Gluing your own donuts:
https://www.youtube.com/watch?v=hm7z1rz-74s - Special thanks to Edward Pickering!
Truing tires:
https://www.youtube.com/watch?v=8wqHOLWq6Uc - Special thanks to Edward Pickering!

The following information came from HERE, with some editing and information added. Thanks Christian!

THIS MAY NEED UPDATING FOR THE NEW BLACK CRC CARPET

Brands:
BSR, CRC, Jaco:
Pro One is no longer selling to the public, but it and the brands above are all mounted by BSR and use the same foam. The nomenclature of the BSR vs Jaco/CRC is a little different in a few instances but is otherwise the same. The BSR foam consists of three families, and can be identifed as synthetics, naturals, and blends.

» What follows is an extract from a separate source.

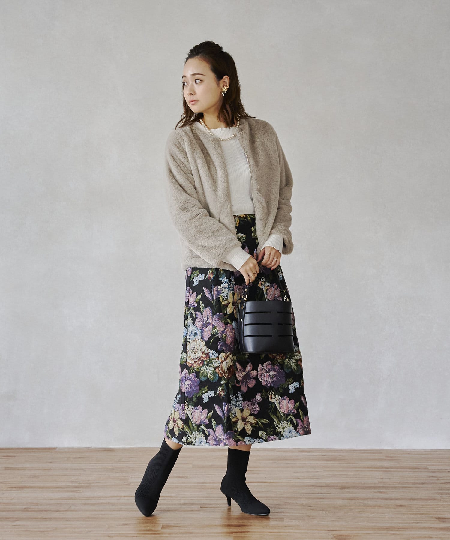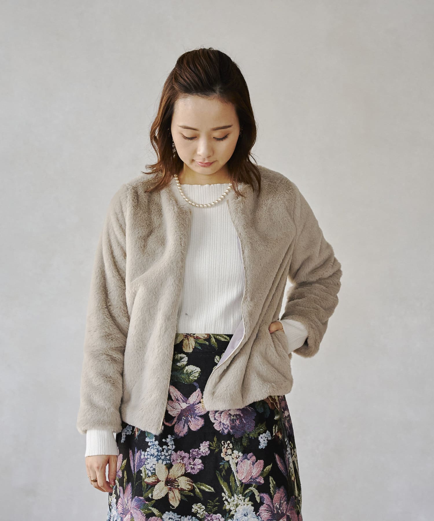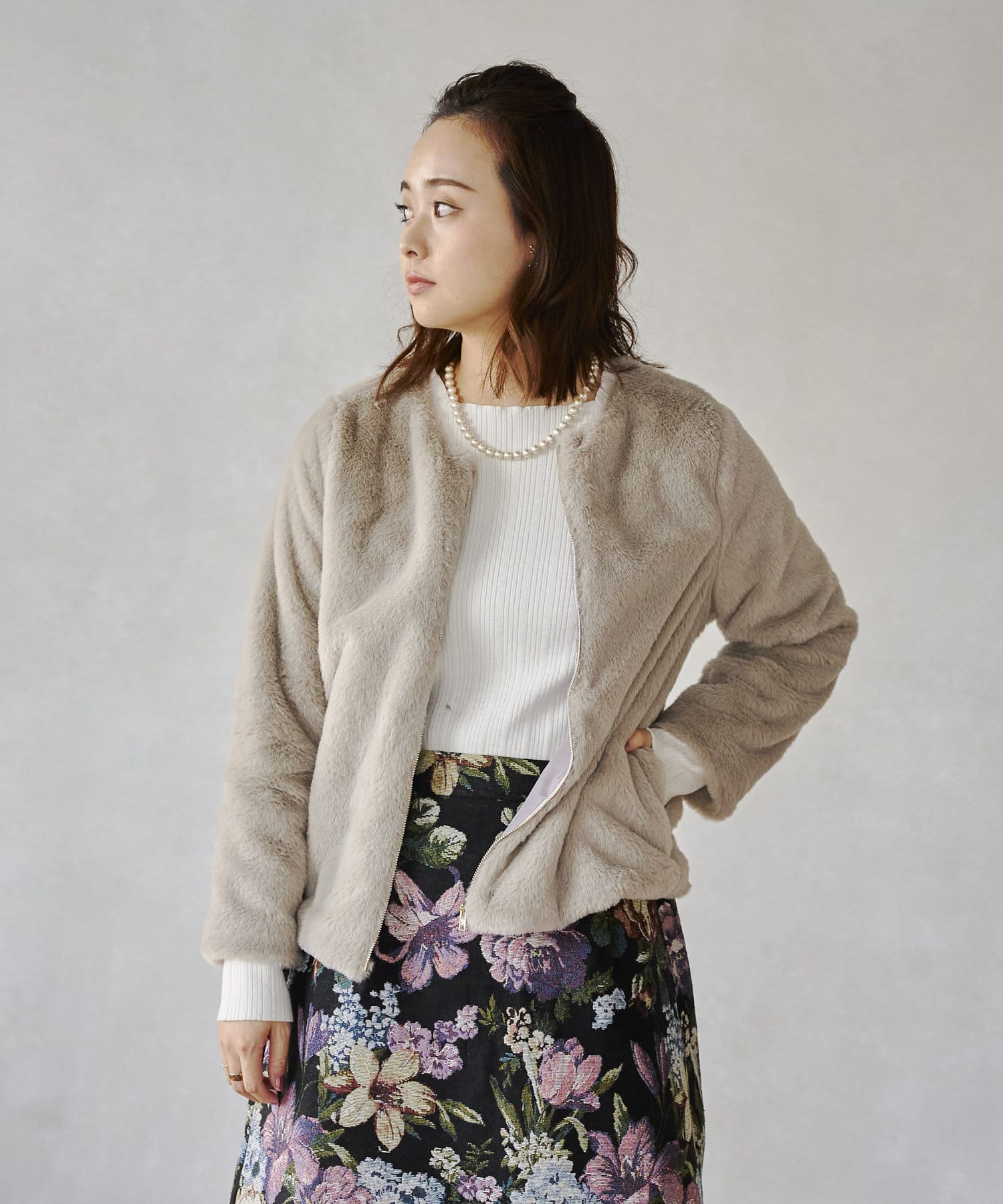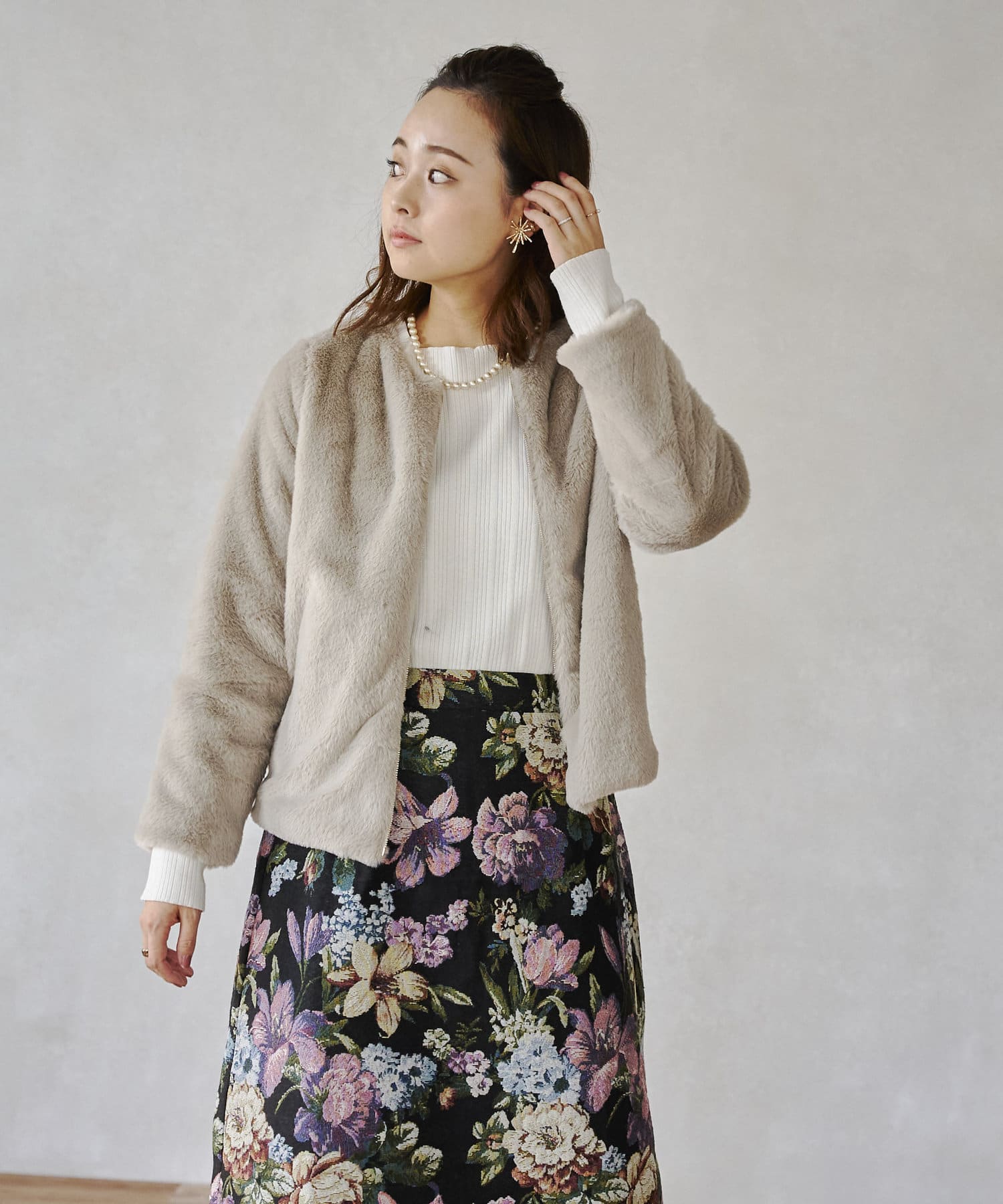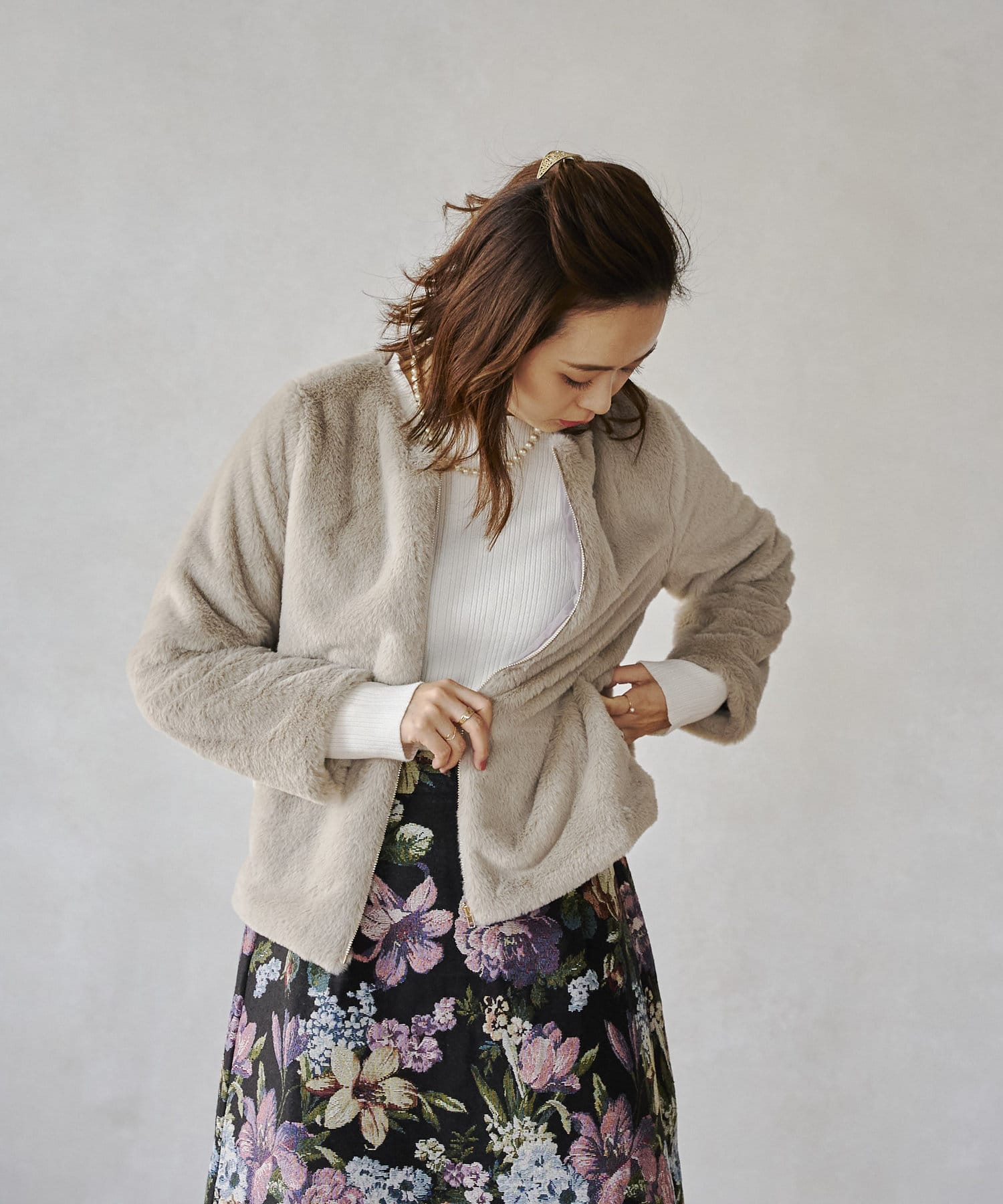 羽織るだけで華やかな印象に。滑らかなフェイクファーが着心地も抜群!!

Synthetics - The old school, light weight, easy to true "dry feeling" tires. These include tires like CRC/Jaco Yellow (BSR White), Black, Gray, etc. These tires offer the highest wear rate and lowest grip. Many racers continue to use these nder high bite conditions.

Naturals - These tires are usually the best alternative for low bite and asphalt. They include Pink, Magenta, Double Pink, Lilac (BSR Team Purple), Purple, and other tires. These tires provide a ton of grip, but tend to get sticky in high bite conditions. This rubber does not wear as easily, and the cars will pick up gunk and fibers from the carpet under most high bite conditions. This is especially bad if the humidity is high.

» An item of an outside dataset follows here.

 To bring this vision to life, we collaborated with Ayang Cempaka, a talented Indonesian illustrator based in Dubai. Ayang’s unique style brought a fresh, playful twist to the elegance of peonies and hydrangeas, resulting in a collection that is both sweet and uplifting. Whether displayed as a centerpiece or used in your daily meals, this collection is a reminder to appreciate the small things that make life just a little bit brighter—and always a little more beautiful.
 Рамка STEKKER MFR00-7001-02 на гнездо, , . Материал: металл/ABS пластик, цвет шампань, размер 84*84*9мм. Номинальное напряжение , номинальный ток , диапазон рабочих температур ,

Blends - These are the tires most people run today. They were initially called "JFT foam" by some, as it was believed that the tires were the same as the JFT tires. We can divide the blends further into two groups: high rubber and low rubber content. The high rubber would be the new rear Orange and Red from the BSR family, and the low rubber would be the Green and Blue varieties. When, asked about the difference, John Foister from BSR Tires said they came from the same "family" of foam, but they offered different grip. According to John, the Green/Blue has more bite than Orange/Red, but from track testing Oranges offer more bite than Green (being equivalent to in hardness) when the grip is high and absolutely no grip when it is lower. The Orange foam has a denser pore structure and the tire is not as prone to chunking. It is also important to note is that BSR Blue rears are not the same as the BSR Blue fronts!

JFT:
JFT stands for Japan Foam Tire. They started the new wave of foam tires we are all using now (Blue/Blu, Green/Greene, Dbl Blue, etc). These tires are a little different than the BSR tire family, but work in very similar conditions. They offers four varieties A (asphalt), C (carpet), S (???), and R (???). This does not mean that those types only work on that surface, but this is what they recommend.

JFT uses the same foam for fronts and rears if the color is the same.

A: Used on asphalt, considered close to the natural rubber variety and are named consistently with other natural tires.
C: Used on carpet, considered a blend.
S: Used on carpet?, tires are ???
R: Used on carpet?, tires are ???

For setup, the JFT foam seem to generate more bite than the BSR, therefore the car tends to be a little more aggressive.

Ulti:
Ulti is another Japanese brand that offers an array of compounds. They have their own way of rating tires, and are difficult to equate to other brands. They have 4 different varieties, each in varying degrees of hardness.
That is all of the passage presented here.